Since spot bitcoin ETFs launched in January 2024, they have quickly gained traction.

On-chain holdings tied to these ETFs have grown to represent almost 7% of bitcoin’s fixed 21 million supply, with assets under management exceeding $146 billion, according to data from The Block.

Corporate treasuries have also expanded their exposure.

Publicly traded companies, led by MicroStrategy with a holding of 629,376 BTC, have collectively accumulated more than $80 billion worth of bitcoin.

These acquisitions have been financed largely through capital market activities, including equity offerings and convertible debt issuance.

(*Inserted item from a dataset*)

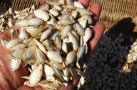 在农村,很多能吃的东西,都有它们的另一面,那就是有药用价值。南瓜子也是一种中药,古时候对它的称呼颇多,比如金瓜米,白瓜子等等,这里说到金色,又有白色,其实就是不同状态或是不同品种的南瓜呈现出来的颜色。
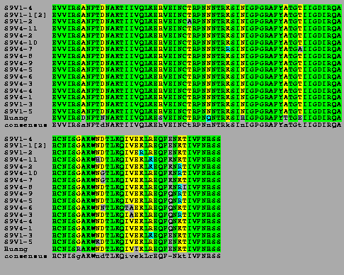We measured variability at each position by identifying the locations with major mutations at them according to boxshade. We also identified positions with more than one major mutation present. Both were found by comparing them to the consensus sequence from Huang et al. (2005).

Bitwise’s full Bitcoin Long-Term Capital Market Assumptions report is expected later this week.

It will provide detailed methodology and quantitative analysis, alongside side-by-side comparisons with forecasts for traditional asset classes from leading global asset managers.

For Bitwise, the release marks a bid to position bitcoin within the same framework used for decades to evaluate traditional investments.

For institutions, it reflects a growing acceptance of bitcoin not as a speculative play, but as a serious allocation option with defined risk and return expectations.